- _PROBLEM DETAILS_
These records contain pictures, which must be left out; copy exactly the lines from the one with "Collage With Rust" up to and including the one with "Love Bar Contrast-Stitched".

- _RECORDS PROVIDED_

·····

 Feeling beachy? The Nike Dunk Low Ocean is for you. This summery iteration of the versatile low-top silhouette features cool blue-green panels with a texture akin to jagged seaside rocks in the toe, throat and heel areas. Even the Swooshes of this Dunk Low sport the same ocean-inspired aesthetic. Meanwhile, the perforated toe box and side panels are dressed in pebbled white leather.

·····

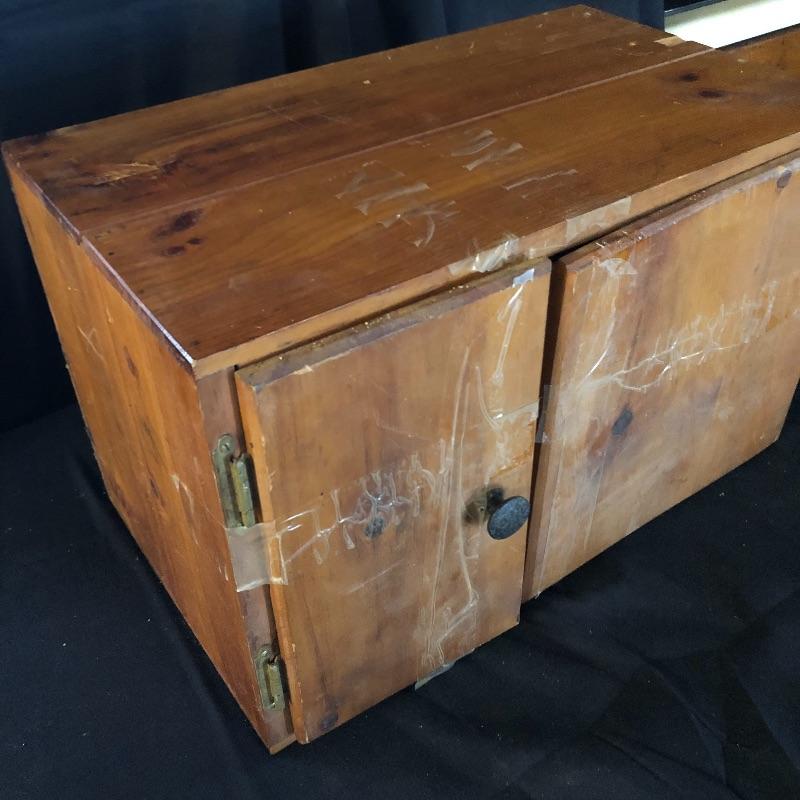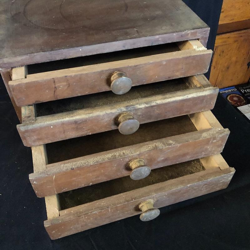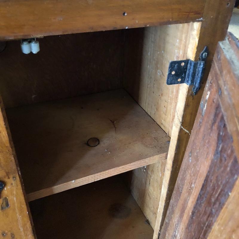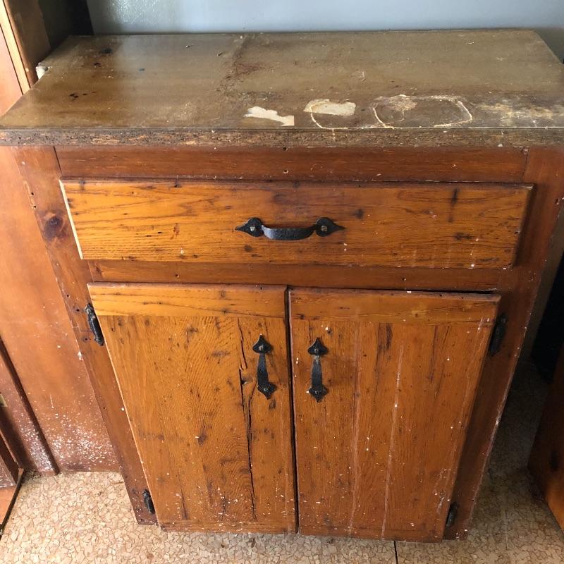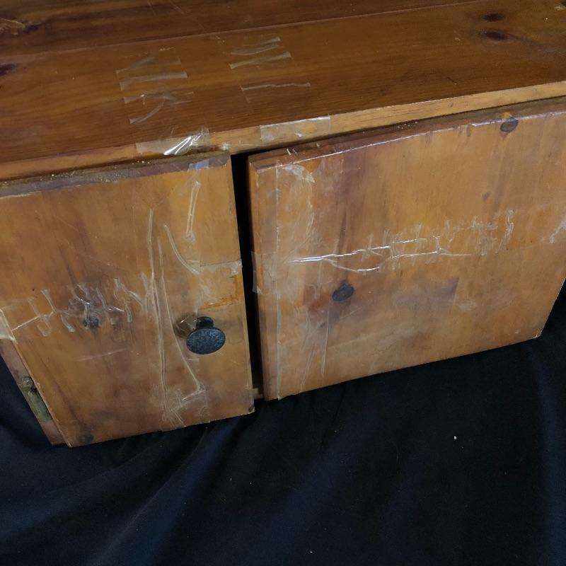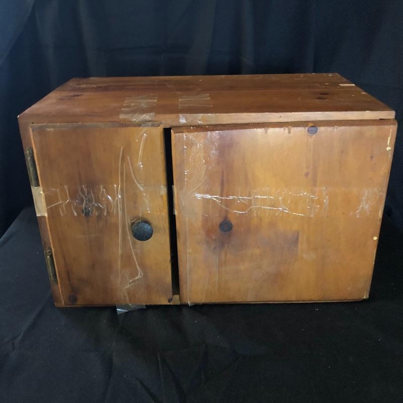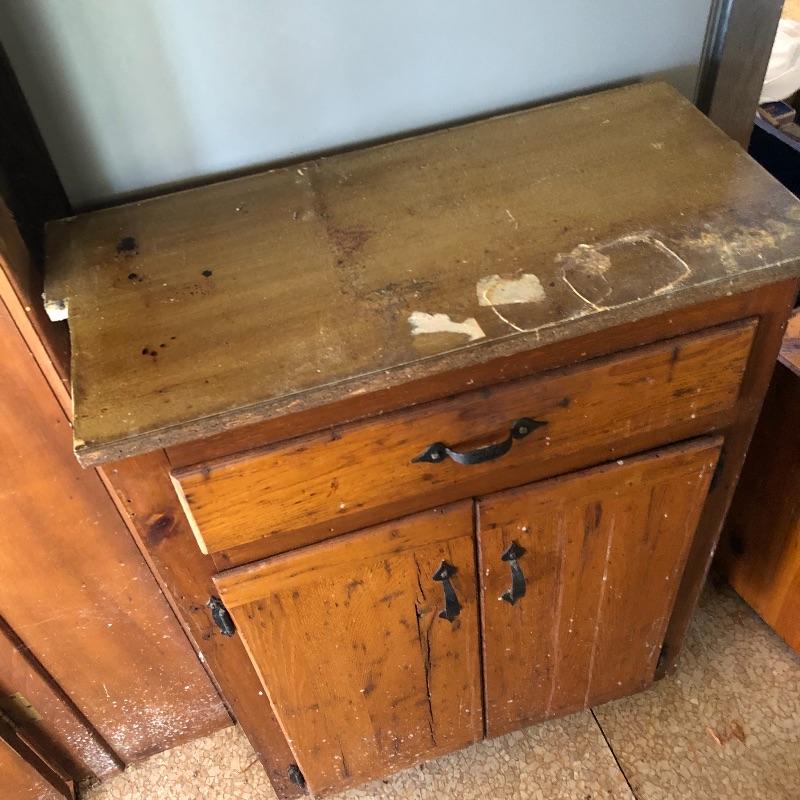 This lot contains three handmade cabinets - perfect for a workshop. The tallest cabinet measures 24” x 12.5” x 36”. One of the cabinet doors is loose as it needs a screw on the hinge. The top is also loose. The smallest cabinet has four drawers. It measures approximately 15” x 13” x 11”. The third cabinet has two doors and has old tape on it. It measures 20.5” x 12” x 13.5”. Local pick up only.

·····

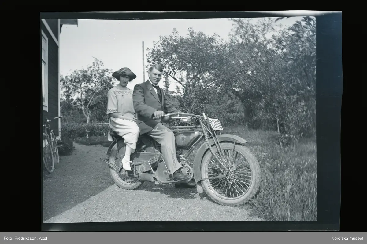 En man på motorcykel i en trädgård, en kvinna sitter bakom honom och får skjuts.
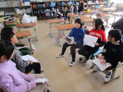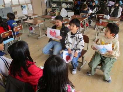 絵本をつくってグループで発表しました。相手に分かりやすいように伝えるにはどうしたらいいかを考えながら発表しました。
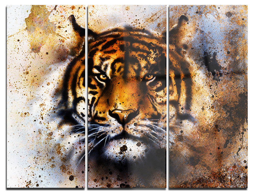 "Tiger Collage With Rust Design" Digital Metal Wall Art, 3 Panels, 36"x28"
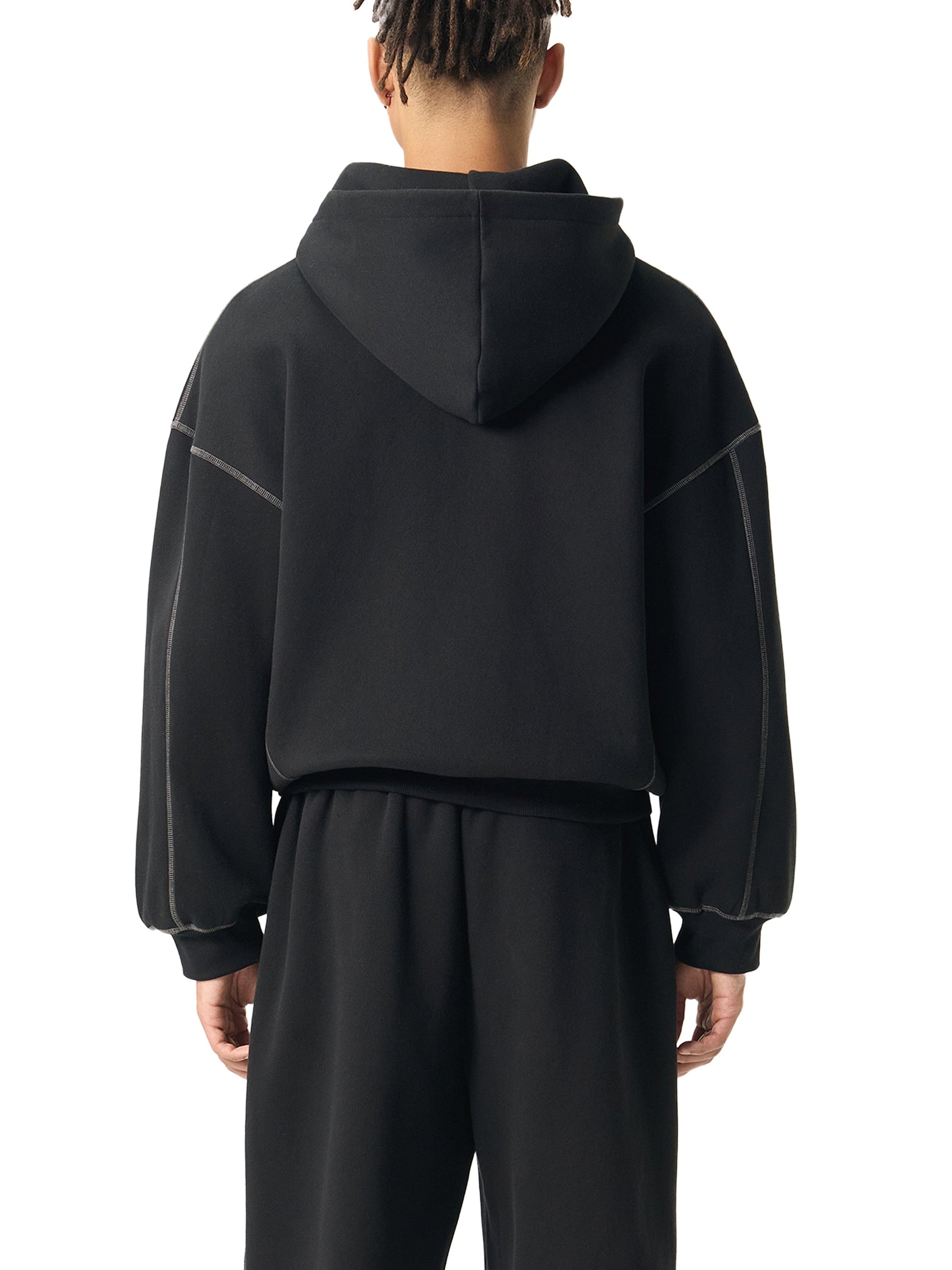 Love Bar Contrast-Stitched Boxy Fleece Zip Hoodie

·····

- _WRITTEN RESPONSE_
 "Tiger Collage With Rust Design" Digital Metal Wall Art, 3 Panels, 36"x28"
 Love Bar Contrast-Stitched Boxy Fleece Zip Hoodie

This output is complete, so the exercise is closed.